虞花感觉他此刻围绕自己的气息很热燥,她别扭地推他一下。
“谁是你太太!不要脸。”
沪市推动政策迅速发展,七八年后,经济底蕴复苏,许多交往称呼恢复以前,城里人多数喜欢尊称先生太太。
在沪市这些天,不少人称呼虞花是陈太太。
自古以来,女人嫁了人后,别人的称呼总是自然而然冠上夫姓,以此归属。
“反正谁都知道是。”陈己坤笑道,面色愉悦。
虞花绝不承认。
身后靠的胸膛温暖如常,她懒洋洋地也不乱动了,就这么心安理得靠着。
对于他嘴里说的东西,虞花还是有一点兴趣的,问他是什么东西,贵不贵。
这时候陈己坤又很神秘了,让她明天跟着自己去就知道了,反正她喜欢的话,把他压在那也给她买,油嘴滑舌的,很不正经。
“把你压在那的价?那只能买条番薯了。”虞花不抱有期待。
陈己坤轻啧一声:“看不起谁,起码两条。”
“呵呵,真是厉害。”
“那是。
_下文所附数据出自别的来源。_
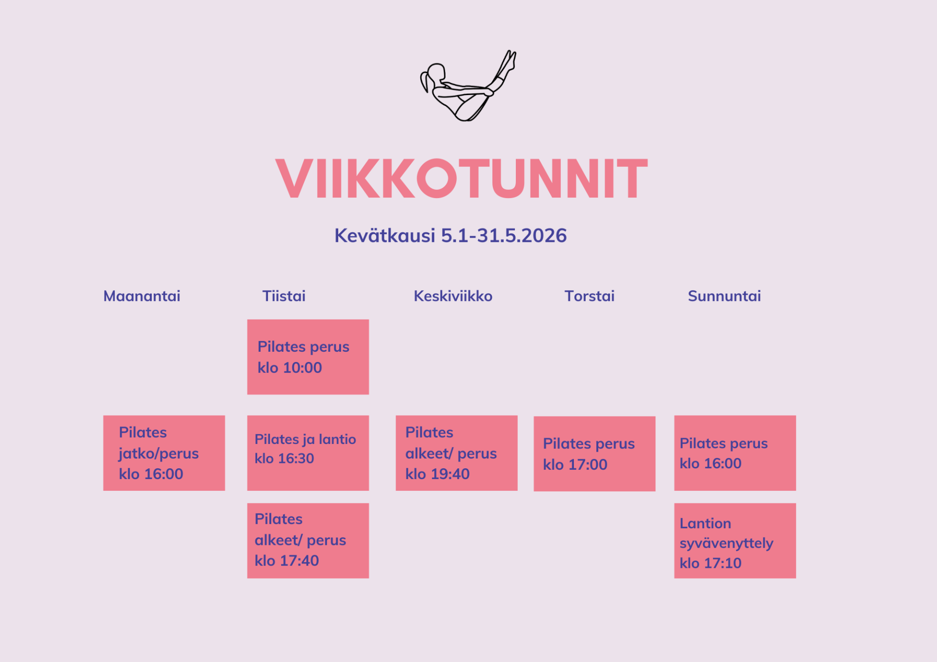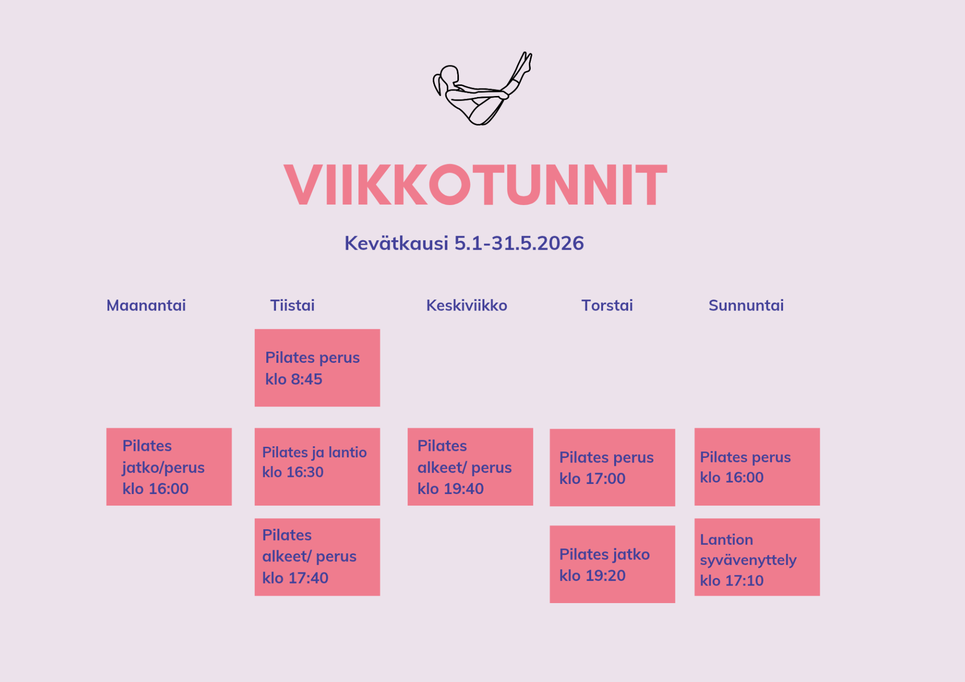 Voit ilmoittautua mille tahansa viikkotunnille, jossa on tilaa. Ilmoittautumalla etukäteen varmistat paikkasi tunnilla ja tuet omaa sitoutumistasi liikkumiseen – se on pieni mutta merkityksellinen teko itsesi ja hyvinvointisi puolesta. Viikkotunneille voi osallistua jäsenyydellä, 10x kortilla tai kertamaksulla

”
两人有一搭没一搭说话,内容很不着调,但也有说不出的和谐,有来有往的。
虞花也不知道自己是什么时候睡过去的,总之是在他们没什么营养的话里,闲闲无语地睡着了。
一夜温暖好梦。
早晨起床的时候,下了一场毛毛小雪,虞花稀奇极了,拉着同样惊呼稀奇的陈知幼一块趴在窗边看。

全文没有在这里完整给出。